TASK STATEMENT = Write out the opening lines of the data word for word, up to and including the line with "Lorsque l’on rentre", and leave every picture and every later line out.

PROVIDED MATERIAL =
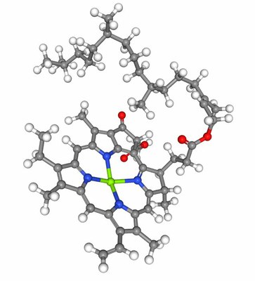 | Fig 17. Chlorophylle A avec extrémité phytol et anneau porphyrine (modèle moléculaire LibMol). | Fig 18. Molécule de phytane. Présence dans le pétrole (modèle moléculaire LibMol). |
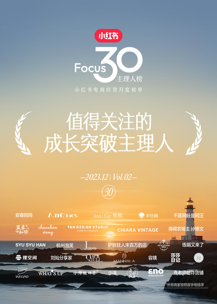 12月26日,「Focus30」小红书电商经营月榜第二期正式公布,时尚潮流、家居家具、文玩手工艺等领域的30位主理人登上榜单。
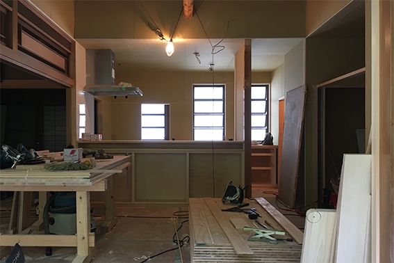 大工さんはメインの家具を製作中。写真中央はキッチンカウンター。
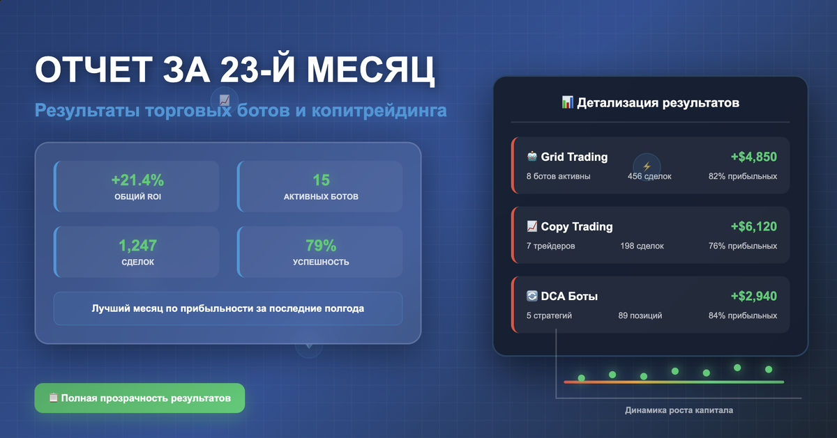 Вот уже 23 месяца подряд я делюсь с вами всеми прибылями и убытками от торговых ботов, которые у меня работают. Также рассказываю о других финансовых результатах, включая фондовый рынок — по крайней мере, о тех, которыми могу поделиться публично.
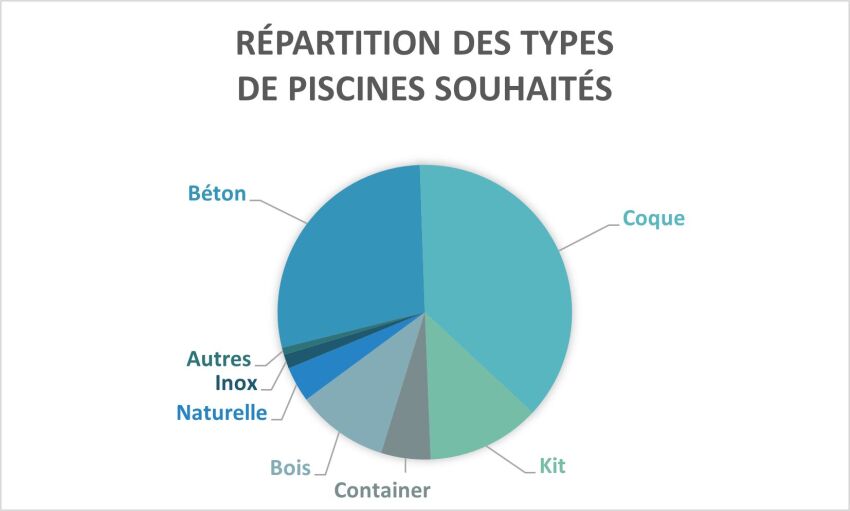 Lorsque l’on rentre dans le détail, on remarque que les piscines coques et les piscines béton sont particulièrement appréciées des demandeurs, avec respectivement 37% et 28% des demandes de devis déposées sur Guide-Piscine.fr en 2021.
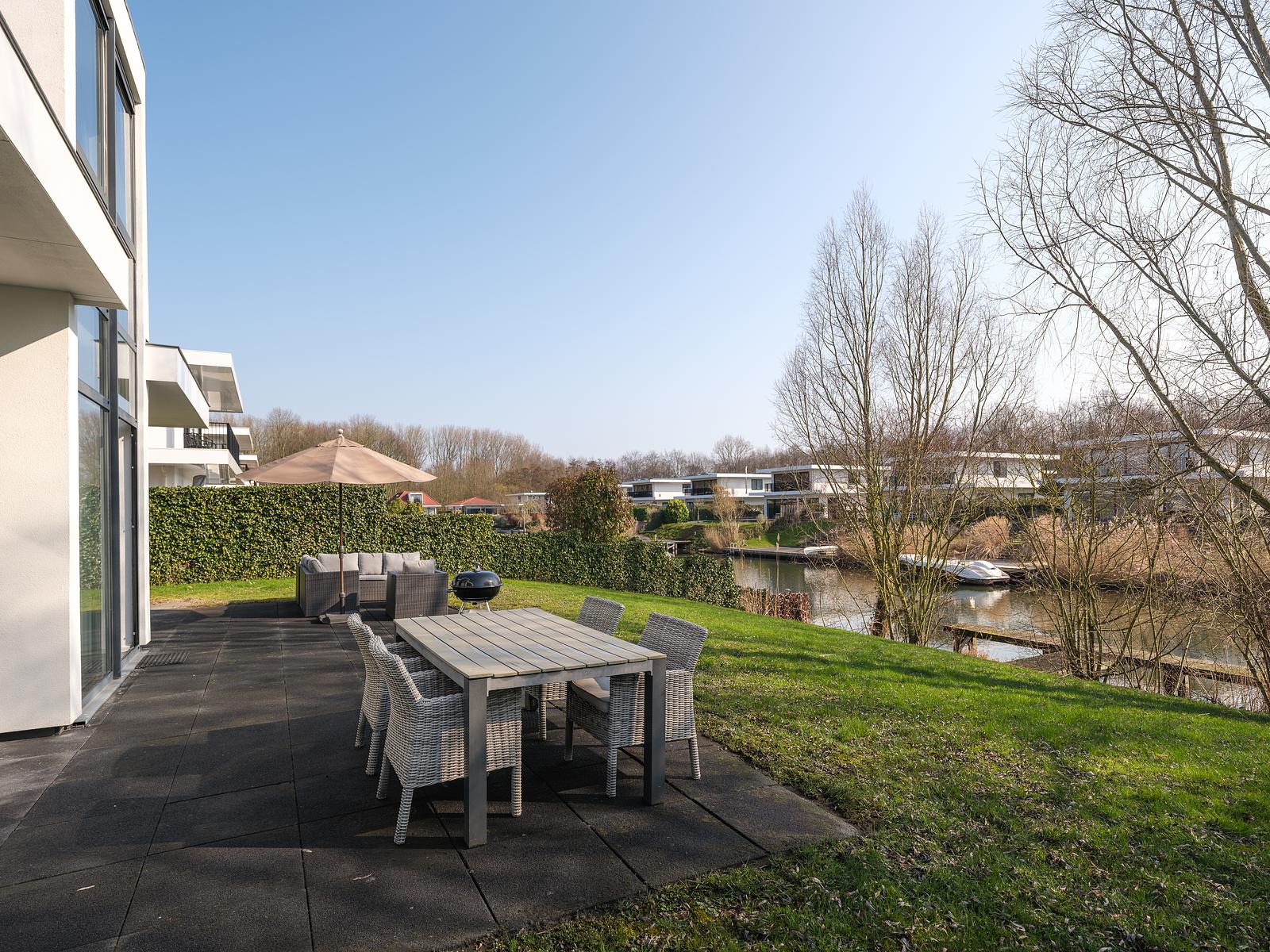 Luxuriöse 4-Personen-Villa am Wasser mit moderner Küche, privatem Zweibettzimmer und einer geräumigen Terrasse mit Grill und Loungeset. Perfekt zum Rosten und Spannen!

RESPONSE FOR THIS EXERCISE =
 | Fig 17. Chlorophylle A avec extrémité phytol et anneau porphyrine (modèle moléculaire LibMol). | Fig 18. Molécule de phytane. Présence dans le pétrole (modèle moléculaire LibMol). |
 12月26日,「Focus30」小红书电商经营月榜第二期正式公布,时尚潮流、家居家具、文玩手工艺等领域的30位主理人登上榜单。
 大工さんはメインの家具を製作中。写真中央はキッチンカウンター。
 Вот уже 23 месяца подряд я делюсь с вами всеми прибылями и убытками от торговых ботов, которые у меня работают. Также рассказываю о других финансовых результатах, включая фондовый рынок — по крайней мере, о тех, которыми могу поделиться публично.
 Lorsque l’on rentre dans le détail, on remarque que les piscines coques et les piscines béton sont particulièrement appréciées des demandeurs, avec respectivement 37% et 28% des demandes de devis déposées sur Guide-Piscine.fr en 2021.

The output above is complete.